Context for what I broke:

System: Multi-agent blog review system (Orchestrator + 4 specialist critics)
Agent files: .claude/agents/blog-authenticity-guardian.md, .claude/agents/blog-structure-editor.md, .claude/agents/blog-skeptical-reader.md, .claude/agents/blog-technical-educator.md, .claude/agents/blog-orchestrator.md
Total prompt size: ~15,750 tokens across all 5 agents
Context window: 200,000 tokens (Claude Sonnet 4.6)
Session limits: Hit message cap regularly during multi-agent reviews (typically 100-150 messages per session)
My brain: "If I reduce prompt overhead, I'll get more messages per session"

The constraint felt real. Each blog review spawned 4-5 agents, each with 2,000-3,000 token prompts. Add file reads, grep searches, and context - I'd burn 50+ messages per review. When you hit the session limit, your workflow just... stops.

The Temptation

The optimization seemed obvious. Every agent review consumed messages:

Orchestrator reads the blog post (1 message)
Spawns 3 critics in parallel (3 messages)
Each critic reads files and returns feedback (6-9 messages)
Spawns Technical Educator for revisions (1 message)
Educator reads files and proposes changes (3-5 messages)
Round 2 reviews (another 3-6 messages)

That's 17-27 messages per blog post review. With 15,750 tokens of prompt overhead per agent, I was front-loading massive context before any actual analysis happened.

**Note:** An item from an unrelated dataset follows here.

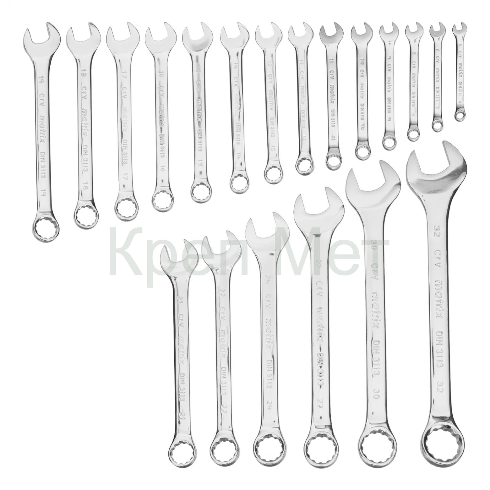 - Набор ключей комбинированных 6-32 мм, 20 шт, CrV, полированный хром Matrix

Here's my thinking: Each message I send to Claude can carry some context. If my agent prompts are smaller, each message has more room for actual work - the blog post content, the critic feedback, the revision drafts. Smaller prompts = more work per message = more blog posts reviewed per session.

The math seemed clear.

So I started condensing. "Just remove verbose examples here. Tighten this guidance there. These agents don't need ALL this instruction, right?"

What I Did

I opened up the agent prompt files and started cutting:

From .claude/agents/blog-skeptical-reader.md, I removed:

The detailed 6-point evaluation framework (Searchability, Specificity, Mental Model Transfer, Cognitive Load, Curse of Knowledge, Journey Documentation)
The explanations of why each dimension matters
The example rubrics showing good vs. bad posts

From .claude/agents/blog-technical-educator.md, I removed:

The "Debugging Detective Stories" framework
The "Aha! Moment" structure guidance
The Julia Evans and Josh Comeau references (concrete examples to emulate)
The mental model transfer explanations

I condensed verbose output format examples into concise headers. I tightened sentences. I deleted "redundant" guidance.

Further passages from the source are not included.